Der erste Vizepräsident der PNL, Cătălin Predoiu, erklärte am Donnerstag, dass im Parteikreis nicht die Möglichkeit diskutiert wurde, dass er der neue Vorschlag für den Premierminister sein könnte, nachdem die Regierung Bolojan durch einen Misstrauensantrag von PSD-AUR gestürzt wurde.
„Die kurze Antwort ist nein, es wurde von den Kollegen nicht diskutiert, dass ich der Vorschlag für den Premierminister sein könnte“, sagte Predoiu.
Wir erinnern daran, dass die Liberalen eine Resolution verabschiedet haben, keine Koalition mehr mit der PSD zu bilden und in die Opposition zu gehen, nachdem die Sozialdemokraten sich mit AUR zusammengeschlossen haben, um einen Misstrauensantrag gegen die Regierung Bolojan einzureichen und zu verabschieden.
Cătălin Predoiu wiederholte, dass seine persönliche Position darin besteht, die Verantwortung für die Regierung nicht aufzugeben, zusammen mit anderen Parteien, die klare euroatlantische Orientierungen haben. Er forderte erneut dazu auf, über politische Differenzen hinwegzugehen, „über eine komplizierte Vergangenheit zwischen allen Parteien der Koalition“.

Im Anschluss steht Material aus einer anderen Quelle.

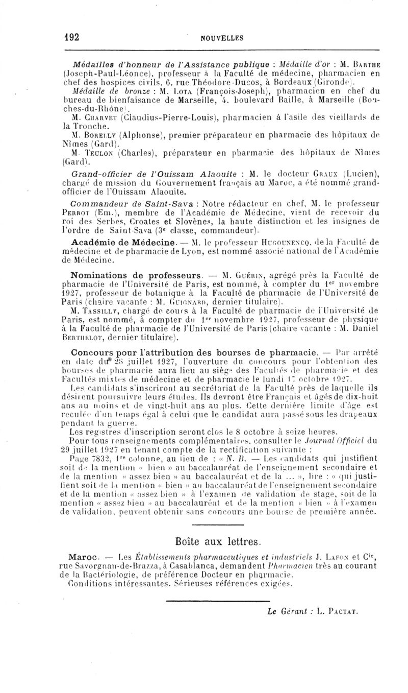 Bulletin des sciences pharmacologiques : organe scientifique et professionnel [Bulletin des intérêts professionnels]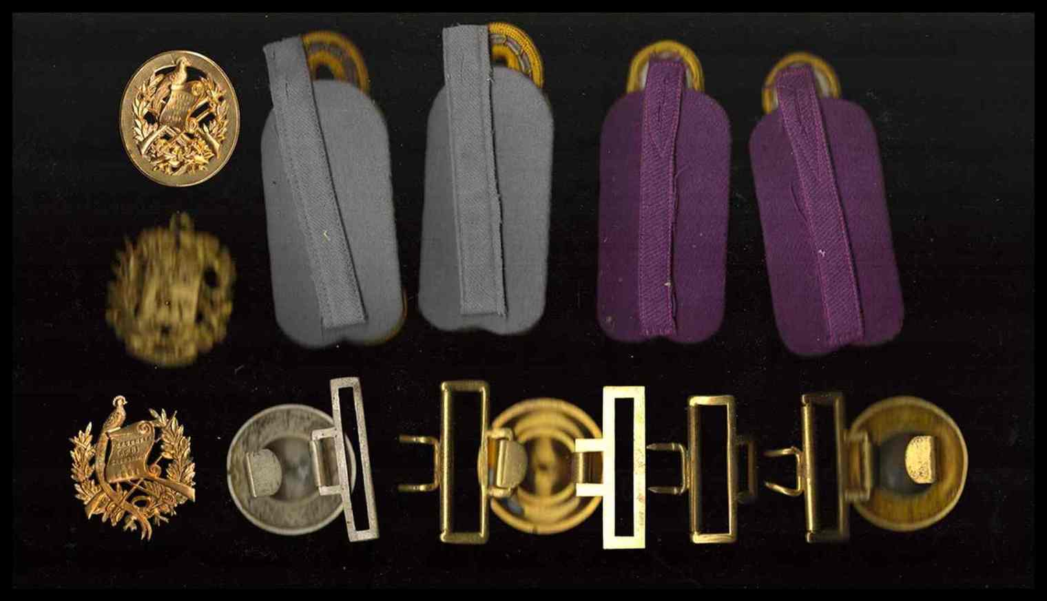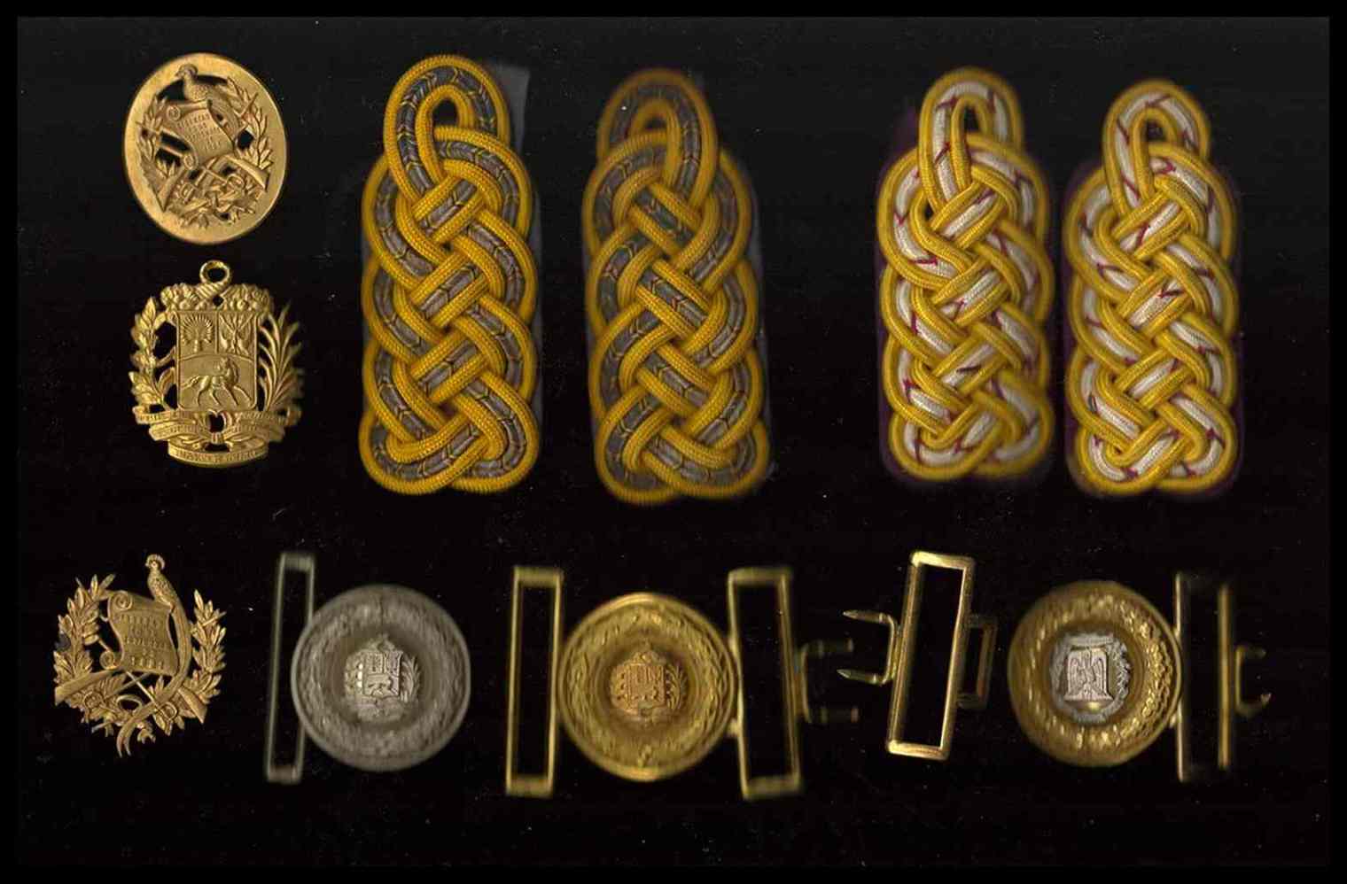 SUD AMERICA (VENEZUELA ED ALTRE)<br>Lotto di 3 coppie di controspalline, 3 fibbie e 3 fregi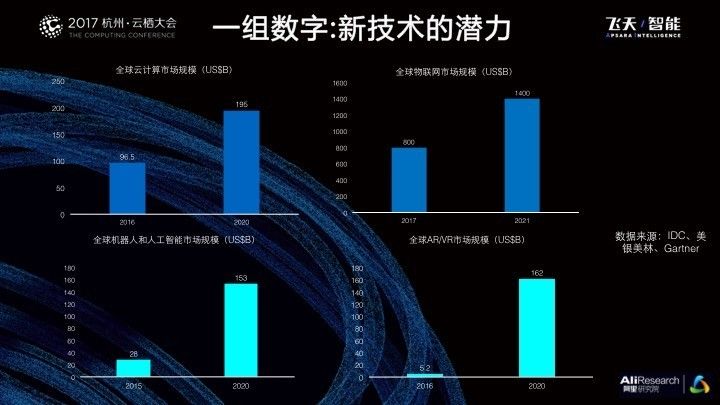 同时,我们可以从第三方研究公司的数据看到新技术的潜力。我在这儿并没有一一列举,只是选取了几个核心技术,像云计算、物联网、机器人和人工智能以及VR/AR等技术方向,这几个目前非常受关注的技术的未来潜力都是大家非常看好的,而且规模从千亿美金到万亿美金不等。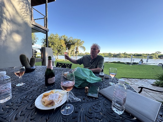 Avant-dernier jour. Nous prenons la direction d’Upington par la B3 jusqu’au poste-frontière de Nakop, où nous arrivons vers 13h. Le temps de faire les formalités, sortie de Namibie, entrée en Afrique du Sud, et trente minutes plus tard, nous roulons déjà sur la N10 côté sud-africain. Nous décidons de faire étape à Upington afin de couper le trajet et profiter pleinement de ce que le parcours nous offre avant de rejoindre Midrand. Upington est située dans la province du Cap-Nord, au bord du fleuve Orange. Ici, l’eau est reine : nombreuses activités nautiques, ambiance paisible, végétation luxuriante contrastant avec les paysages désertiques traversés les jours précédents. Nous arrivons au River Place Manor vers 15h. Un superbe hôtel en bord de fleuve, élégant et chaleureux. Nous y étions déjà venus en 2024… et le plaisir est intact. Vraiment une adresse à découvrir. Franchement, ces derniers jours ont toujours une saveur particulière… un mélange de gratitude et d’envie de repartir déjà. Assis face au fleuve Orange, un verre à la main, on repense aux dunes, aux pistes, aux tempêtes de sable… et à cette liberté immense qui nous a portés pendant deux semaines.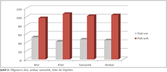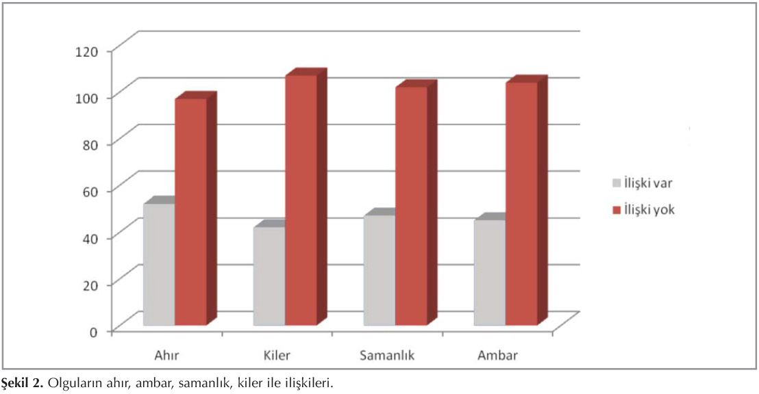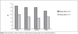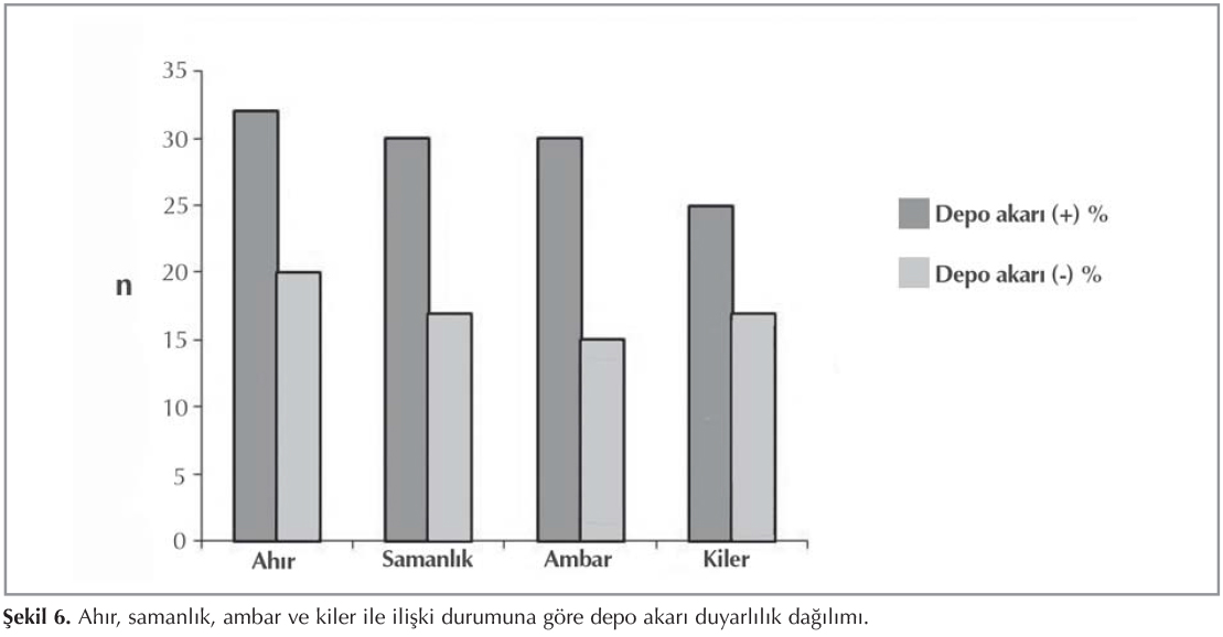 Olgular i?erisinde ambarla ilişkisi olanlarda depo akarı duyarlılığı en fazlaydı. Ambarla ilişkisi olan 45 olgudan 30'unda depo akarlarından en az birisine karşı duyarlılık mevcuttu (p< 0.01). Sırasıyla samanlık ve ahırla ilişkisi olanlarda da depo akarlarına duyarlılık anlamlı derecede y?ksek bulundu (p< 0.01, p< 0.05). Ancak kiler ile ilişkisi olan olgularla depo akarlarına deri testi pozitifliği arasında anlamlı bir ilişki saptanmadı (p> 0.05) (Şekil 6). Olgularımız i?erisinde nemli ev ortamında yaşayan 38 kişiden 25 (%65.8)'inde en az bir depo akarı t?r?ne karşı pozitif reaksiyon vardı (p< 0.01).? Depo akarı duyarlılığı olan olguların yakınmalarıyla mevsimler arasındaki ilişki ise anlamlı değildi (p> 0.05).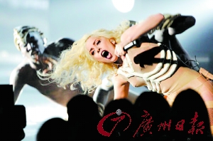 舞臺上,雖然她并不是提名最多的歌手,但有她在的舞臺永遠都是最有看點的。比如說Lady Gaga 表演白骨纏身,乳色衣服制造“裸體”假象。除此之外,久未露面的拉丁天后詹妮弗·洛佩茲也登臺獻唱。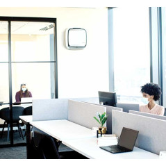 Purificador de aire que se ajusta automáticamente a la ocupación de a sala y a la calidad del aire. El proceso de filtración en 4 etapas con filtro True Hepa H13 elimina al menos el 99,95% de las partículas tan pequeñas como 0,1 micras, incluidos alérgenos como el polen. Captura más del 99,99% de la concentración aerosolizada del SARS-CoV-2. El tratamiento antimicrobiano del filtro Hepa inhibe el crecimiento de microorganismos que causan manchas y el filtro de carbono activo. La tecnología patentada EnviroSmart™ monitoriza continuamente y ajusta de manera automática el rendimiento del equipo en función de la calidad del aire y la ocupación de la sala. Ofrece de 3 a 5 cambios de aire por hora (ACH) en espacios compartidos de 65 a 130m², como aulas y salas de conferencias. Purificador de aire de montaje en pared y de diseño discreto. Dimensiones: 49,53x87,63x22,86cm. 5 años de garantía.

„Ich verstehe die Besorgnis der Kollegen, eine Lösung in der Opposition zu finden, die mehr Stimmen im Jahr 2028 bringen könnte, aber das sollte nicht die Sorge sein, sondern die Sicherstellung Rumäniens auf einem sicheren Terrain, was prioritär ist“, sagte Predoiu, der glaubt, dass seine Meinung nicht in „Inkompatibilität“ mit der Resolution der Partei steht.
Auf die Frage, ob das Risiko besteht, dass die PNL sich in zwei Fraktionen aufspaltet, angesichts der Meinungsverschiedenheiten, sagte er nein, aber dass eine breitere Konsultation vorteilhaft wäre.
Cătălin Predoiu erwähnte auch, dass es „logisch“ war, die Resolution der PNL zur Ablehnung einer Koalition mit der PSD zu unterstützen. Er betonte, dass die Abstimmung ein natürlicher Akt war, angesichts der Position der Partei gegenüber dem Misstrauensantrag.